2008 HJ

Discovery
- Discovered by: LINEAR
- Discovery site: Lincoln Lab ETS
- Discovery date: 24 April 2008

Designations
- Minor planet category: NEO · Apollo

Orbital characteristics
- Epoch 21 November 2025 (JD 2461000.5)
- Uncertainty parameter 6
- Aphelion: 2.29639 AU (343.535 Gm) (Q)
- Perihelion: 0.967561 AU (144.7451 Gm) (q)
- Semi-major axis: 1.63198 AU (244.141 Gm) (a)
- Eccentricity: 0.40712 (e)
- Orbital period (sidereal): 2.08 yr (761.50 d)
- Mean anomaly: 139.306° (M)
- Mean motion: 0° 28^{m} 21.907^{s} /day (n)
- Inclination: 0.923627° (i)
- Longitude of ascending node: 47.4545° (Ω)
- Argument of perihelion: 204.2086° (ω)
- Earth MOID: 0.00185855 AU (278,035 km)
- Jupiter MOID: 2.74944 AU (411.310 Gm)

Physical characteristics
- Dimensions: 12×24 m
- Mass: 5 million kg (assumed)
- Sidereal rotation period: 42.7 s (0.01185 h)
- Absolute magnitude (H): 25.85

= 2008 HJ =

Asteroid

2008 HJ is a sub-kilometer asteroid, classified as near-Earth object of the Apollo group.

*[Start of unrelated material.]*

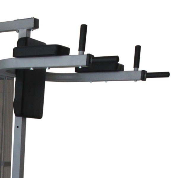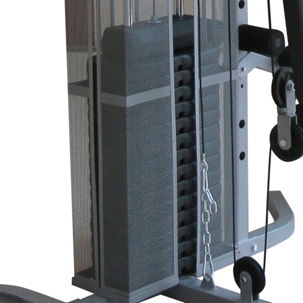 Модель изготовлена из надежной металлической рамы. За безопасный подъем грузовых плит отвечают стальные тросы и кожух корпуса, а ролики на подшипниках гарантируют плавность работы. Мультистанция включает:
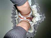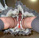 純子の剥き出しの性器です。 細紐で口割り縛りされて、 スカートの中でこんなふうに、 吊り上げられているの... だから、歩くとすごいわ... 敏感な部分が擦れるの... とてもつらい... |

It was discovered by Lincoln Laboratory ETS, New Mexico. Observers M. Bezpalko, D. Torres, R. Kracke, G. Spitz, J. Kistler. Richard Miles using the Faulkes Telescope South at Siding Spring Observatory, Australia determined that the asteroid rotates rapidly. It measures only 12 m by 24 m and is very dense, having a mass of about 5,000 tonnes. If the asteroid were not dense, it is probable that the rapid rotation would cause the asteroid to disrupt and fly apart.

At the time of discovery, had the smallest known rotation period in the Solar System, completing one revolution every 42.7 seconds.

It is listed on the Sentry Risk Table with a 1 in 17,000 chance of impacting Earth on May 2, 2081. An impact from this object would be comparable to the Chelyabinsk meteor.